How computers are learning to be creative Blaise Agera y Arcas

So, I lead a team at Google
that works on machine intelligence;

in other words, the engineering discipline
of making computers and devices

able to do some of the things
that brains do.

And this makes us
interested in real brains

and neuroscience as well,

and especially interested
in the things that our brains do

that are still far superior
to the performance of computers.

Historically, one of those areas
has been perception,

the process by which things
out there in the world –

sounds and images –

can turn into concepts in the mind.

This is essential for our own brains,

and it’s also pretty useful on a computer.

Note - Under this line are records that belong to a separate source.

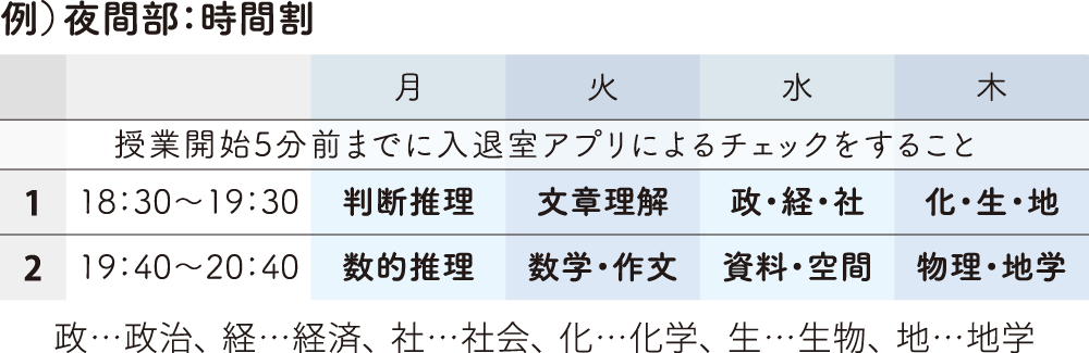 午後6時30分からの授業なので、部活動や仕事を終えてから通学することが可能です。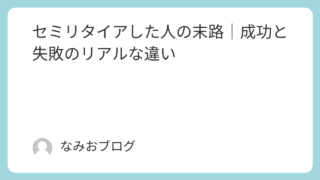 セミリタイアを調べていると、少し気になる言葉を見かけます。「セミリタイアの末路」失敗するの?後悔する?本当に大丈夫?結論から言うと、セミリタイアは「成功する人」と「後悔する人」に分かれます。その違いはお金の量ではありません。今回はセミリタイ...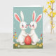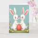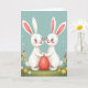 This card shows two cute, human-like bunnies with soft white fur and long ears tipped with pale pink inside, facing each other as if sharing a private joke 🐰. They lean in close with wide smiles, rosy cheeks, bright eyes, and tiny whiskers, giving their pose a cozy, affectionate feel. Between them sits a large red egg-shaped object dotted with lighter round spots, and each bunny holds it gently with their front paws like a shared treasure. The background is a calm pale teal, fading down into a fresh green meadow that frames the pair like a springtime scene. Small flowers are scattered through the grass, including white star-shaped blooms and yellow daisy-like blossoms with warm orange centers 🌷. A few slim stems carry little red berries, adding extra pops of color around their feet. The lighting looks soft and even, with smooth shading that outlines their tails and adds delicate shadows under their paws. No text appears on the front, leaving the teal sky area open above the bunnies and the red dotted egg centered between them.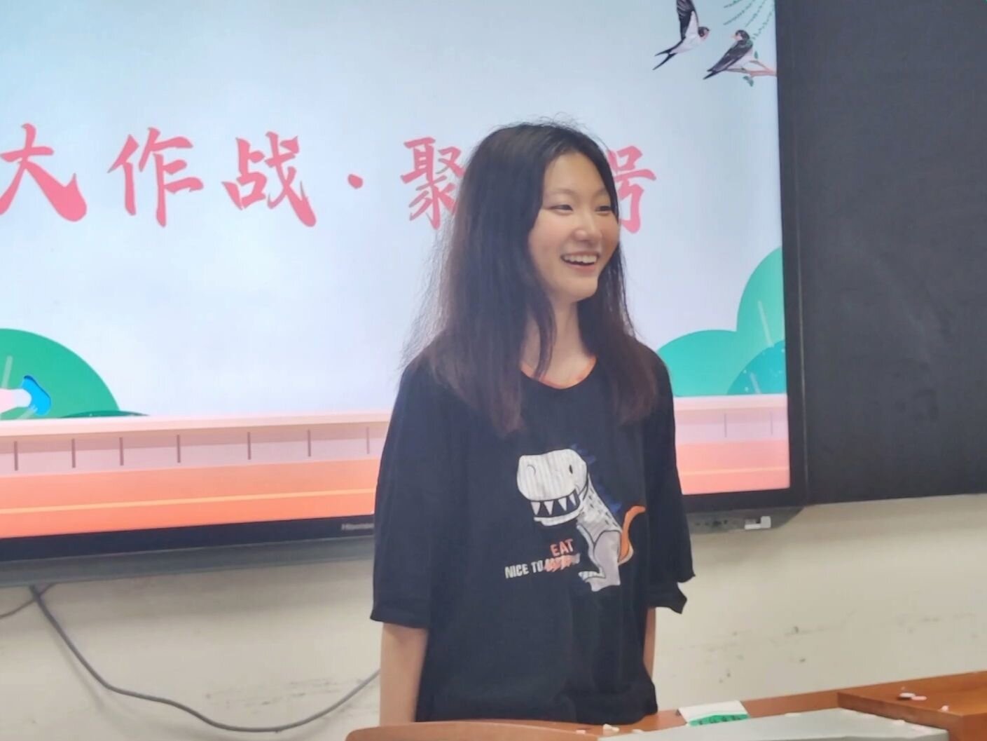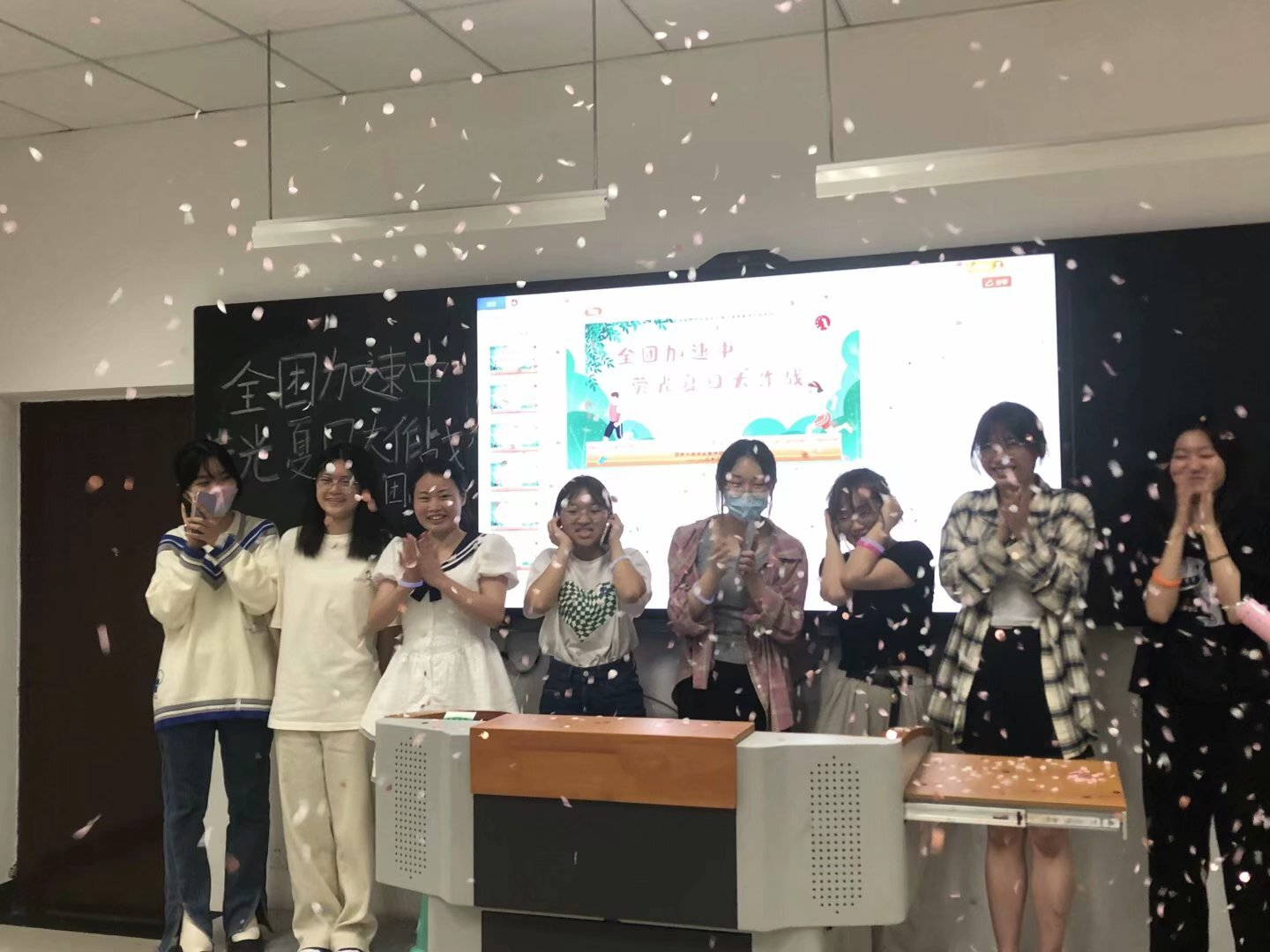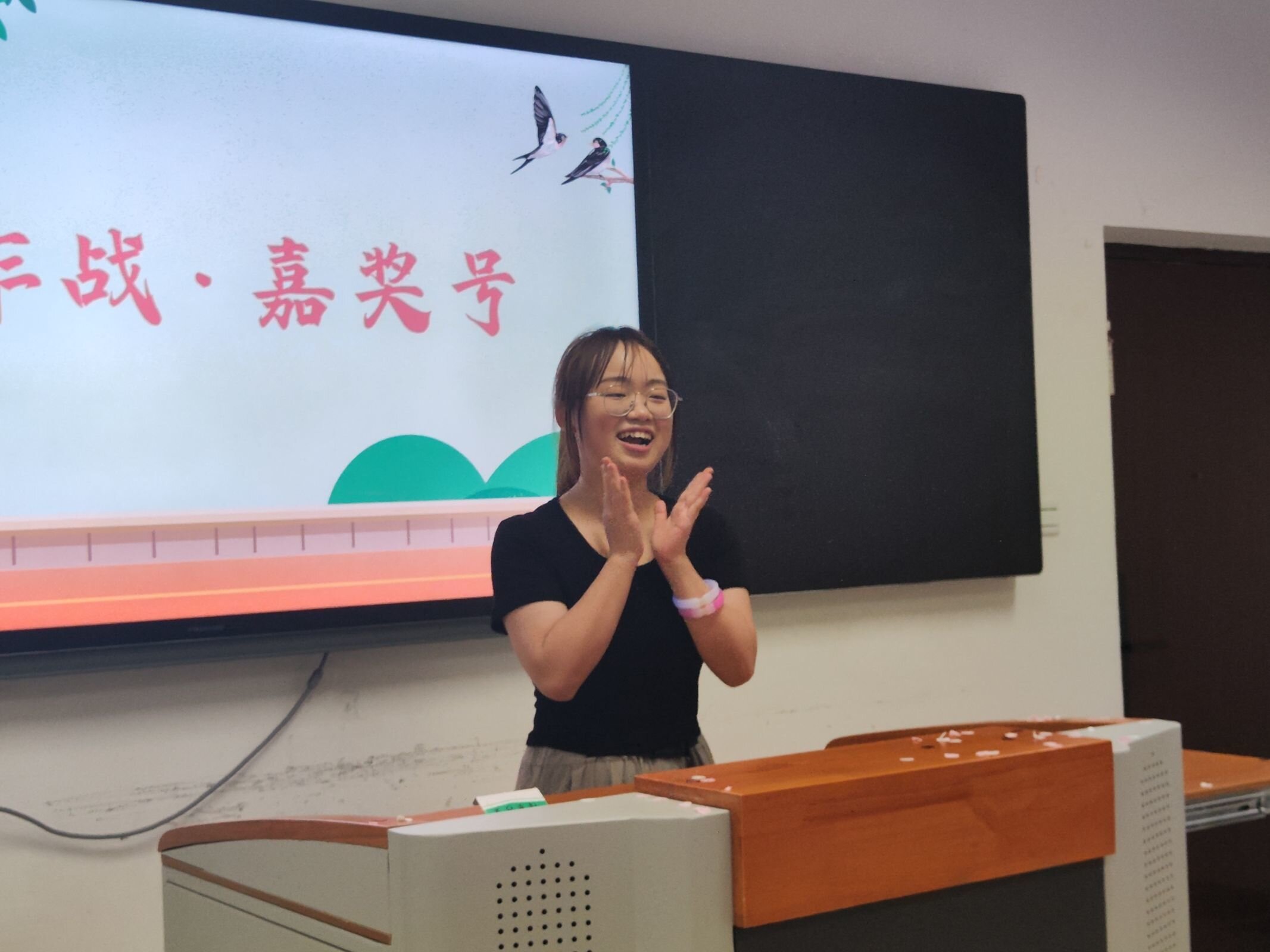 快乐的时光总是短暂的,40分钟的游戏在欢乐与刺激的氛围中很快接近了尾声,团员们在各队负责人的组织下有序地回到了bv伟德国际1946研究生教室三进行短暂休息。等待游戏结果公布的间隙,工作人员杨琪和程诗雅采用现场录制VCR的形式采访了团员们对团日活动的感受以及对宣讲团的美好祝愿。镜头前,团员们恣意欢笑,畅所欲言,眉眼之间满是喜乐与温情。随着现场采访拍摄的结束,最终的积分统计结果出炉,蓝队以51分位列第一,最终获得了胜利!在热烈的掌声与欢呼声中,蓝队全体队员上台领奖。伴随着礼炮声响起,现场的氛围达到了高潮,全体团员纷纷为自己在游戏中的表现以及宣讲团浓厚的家文化而鼓掌。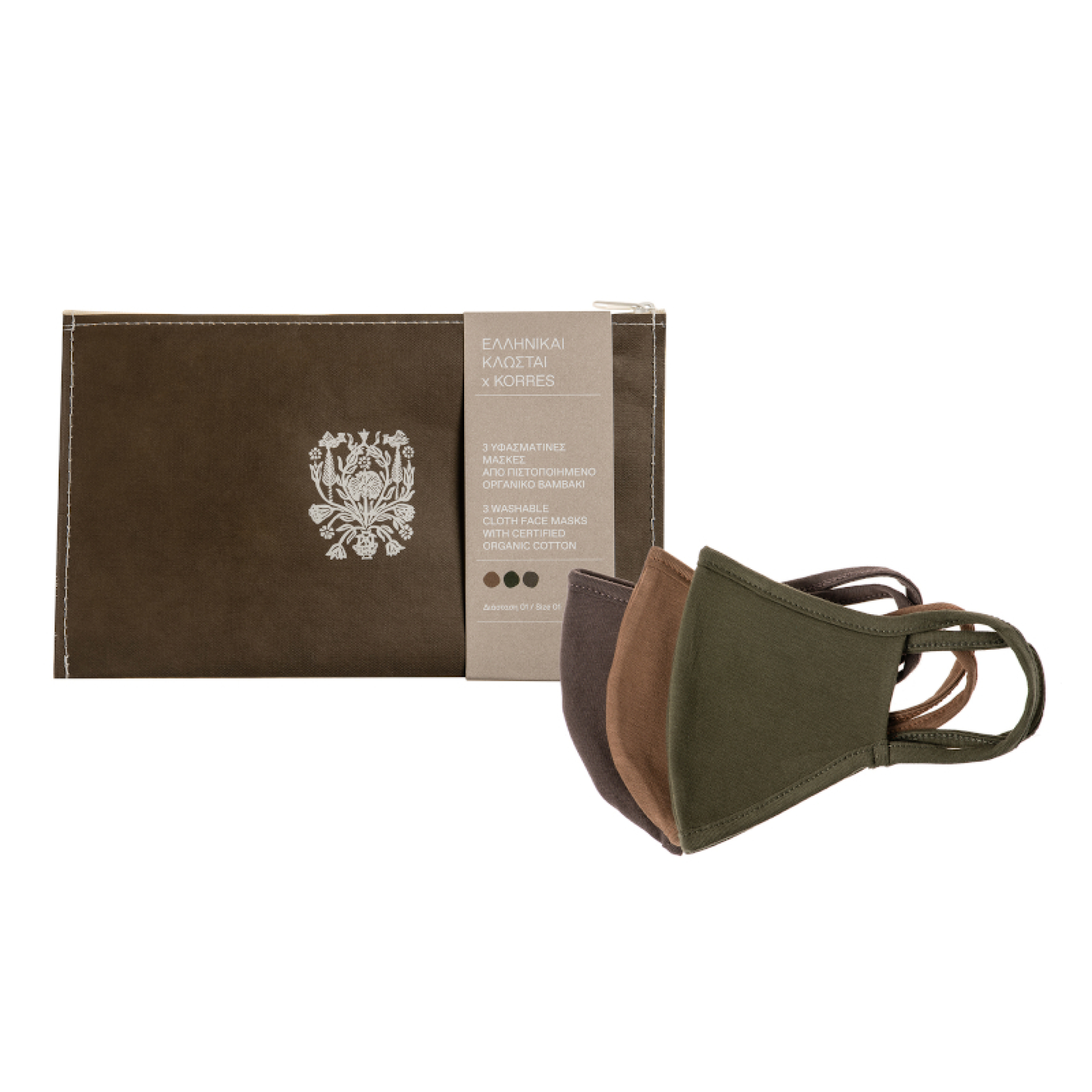 Korres Σετ Neutral Υφασμάτινων Μασκών Size 02 σε Λαδί Αποχρώσεις, 3 τεμάχια.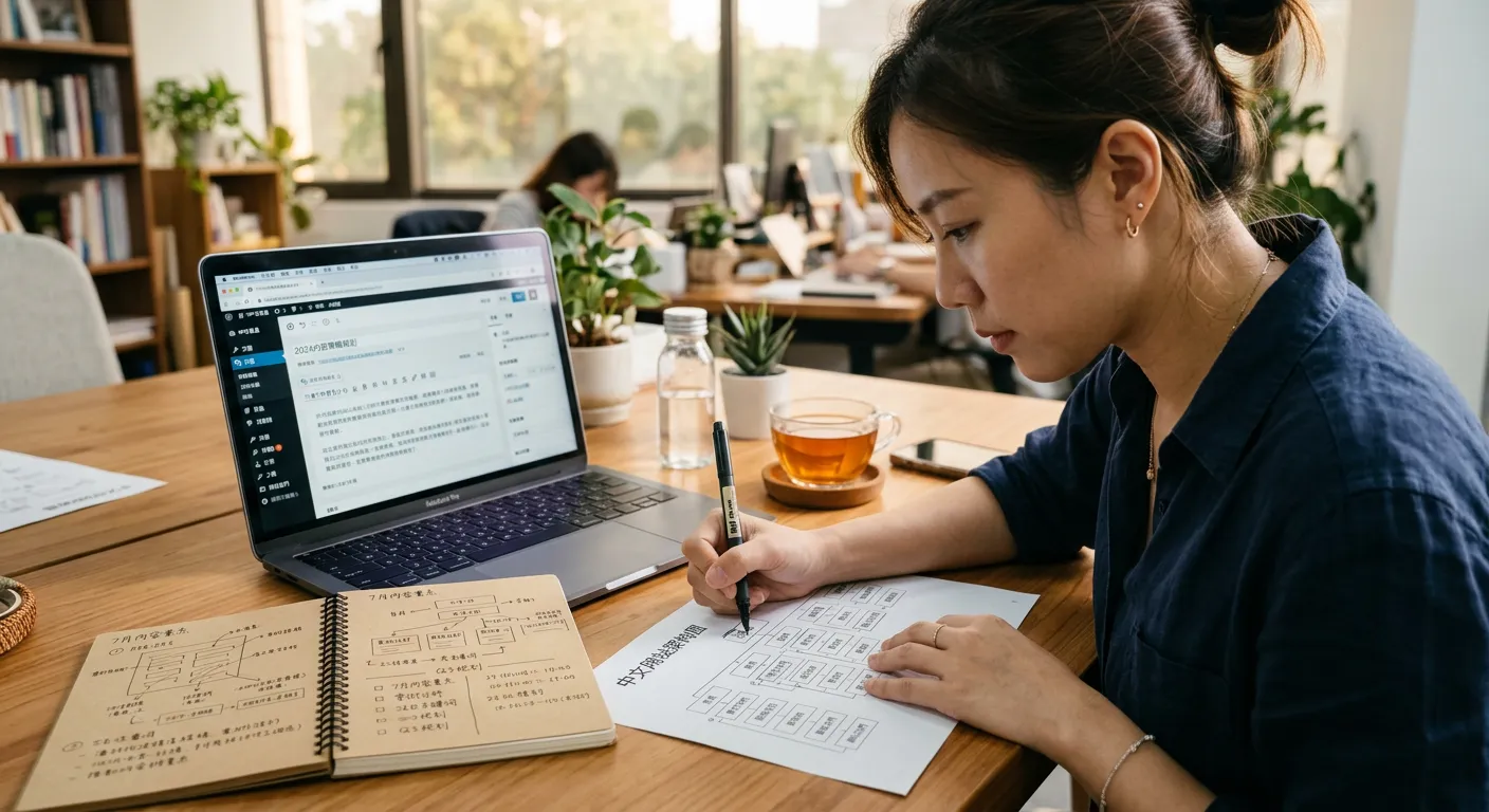Avant que quiconque dans notre équipe n'écrive un seul caractère, nous devons cerner ce qui va fonctionner. Cela passe d'abord par la recherche de mots-clés, et non par la traduction de votre liste anglaise en chinois. Les internautes chinois cherchent avec leurs propres formulations, leur argot, leurs raccourcis. La moitié du temps, les termes les plus rentables n'ont tout simplement pas d'équivalent en anglais. Une fois les requêtes identifiées, nous construisons l'architecture de contenu : quelles pages créer, comment les relier entre elles, ce que Baidu attend en termes de structure. Puis nous planifions votre calendrier éditorial autour des temps forts commerciaux en Chine. Tout le monde connaît le Nouvel An chinois, mais le Singles' Day, le festival 618, la Mi-Automne, la Semaine dorée... ce sont les moments où le trafic explose. Mieux vaut avoir du contenu prêt avant l'ouverture de ces fenêtres, pas après. Nous analysons aussi vos concurrents. Que publient-ils pour le marché chinois ? Où sont les trous dans la raquette ? C'est généralement là que se cachent les meilleures opportunités.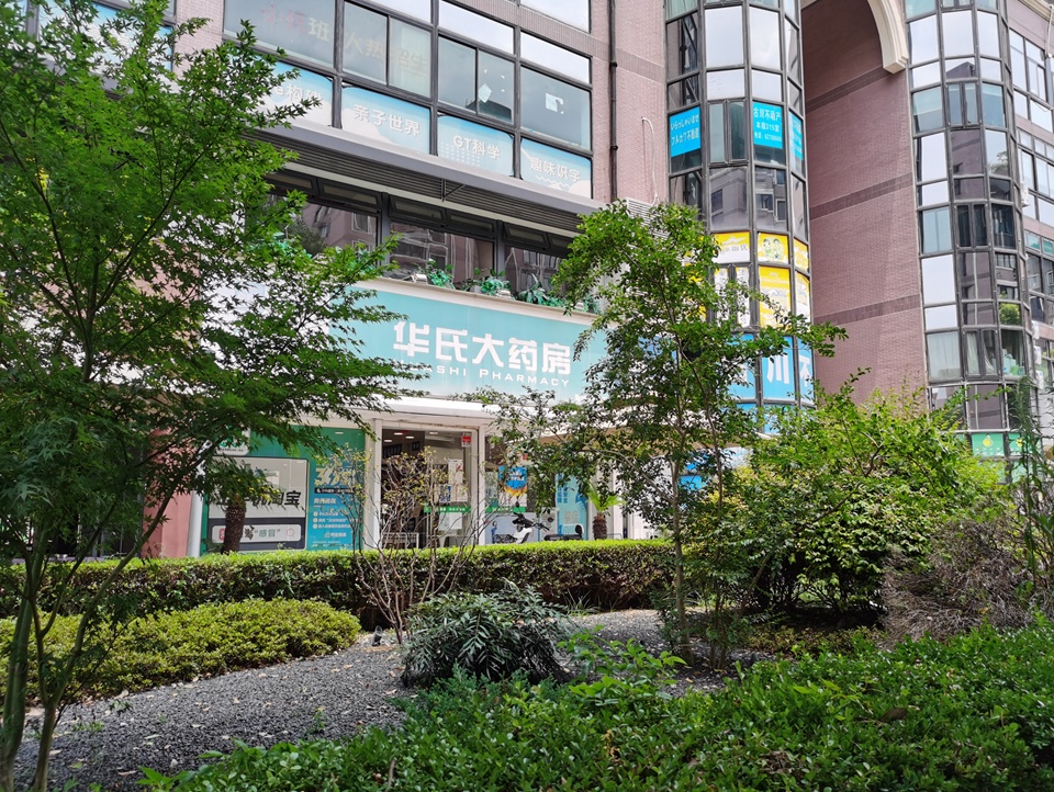 站点位于荣华东道的华氏大药房内,店内摆放的防暑用品供户外职工自取,如需其他服务可咨询店内工作人员。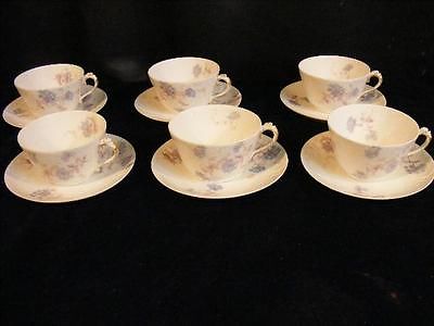 SET 6 CHAS. HAVILAND LIMOGES TEA CUPS & SAUCERS SCHLEIGER #378 BLUE FLORAL 1890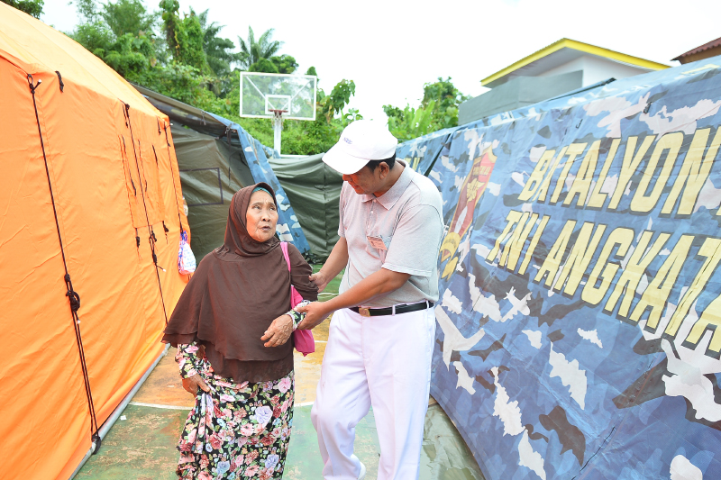 Edi Sheen, relawan Tzu Chi Indonesia, melakukan koordinasi dengan salah satu Prajurit TNI dengan penuh keramahan.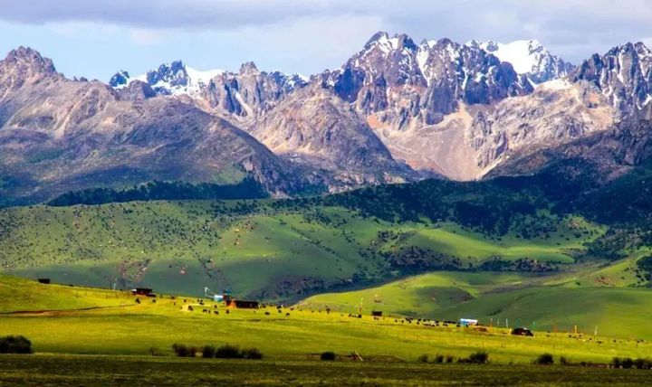 格木草原地勢起伏,雪山林立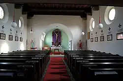 Die dreiachsige geostete Langhaus zeigt Rundfenster in Schräglaibung, herausragend ist der runde Kirchturm mit Zwiebelhelm an der Nordwestecke. Das rechteckige Langhaus hat innen eine Balkendecke und eine Westempore mit einer Holzbrüstung und einer Brüstungsorgel. Der eingezogene Chor hat ein Tonnengewölbe, im Süden ist die Sakristei angebaut. Ein Westfenster zeigt die figurale Glasmalerei hl. Josef mit Jesuskind (1937).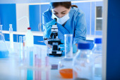 Mikroskop laboratoryjny - kobieta badania medyczne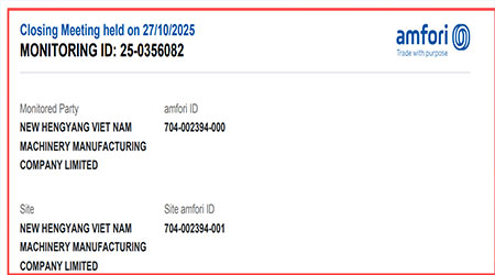 本文来源:浙江验厂网 - 热烈祝贺越南NEW HENGYANG VIET NAM MACHINERY MANUFACTURING COMPANY LIMITED2025年通过SGS-BSCI验厂

The machine perception algorithms,
for example, that our team makes,

are what enable your pictures
on Google Photos to become searchable,

based on what’s in them.

The flip side of perception is creativity:

turning a concept into something
out there into the world.

So over the past year,
our work on machine perception

has also unexpectedly connected
with the world of machine creativity

and machine art.

I think Michelangelo
had a penetrating insight

into to this dual relationship
between perception and creativity.

This is a famous quote of his:

“Every block of stone
has a statue inside of it,

and the job of the sculptor
is to discover it.”

So I think that what
Michelangelo was getting at

is that we create by perceiving,

and that perception itself
is an act of imagination

and is the stuff of creativity.

The organ that does all the thinking
and perceiving and imagining,

of course, is the brain.

And I’d like to begin
with a brief bit of history

about what we know about brains.

Because unlike, say,
the heart or the intestines,

you really can’t say very much
about a brain by just looking at it,

at least with the naked eye.

The early anatomists who looked at brains

gave the superficial structures
of this thing all kinds of fanciful names,

like hippocampus, meaning “little shrimp.”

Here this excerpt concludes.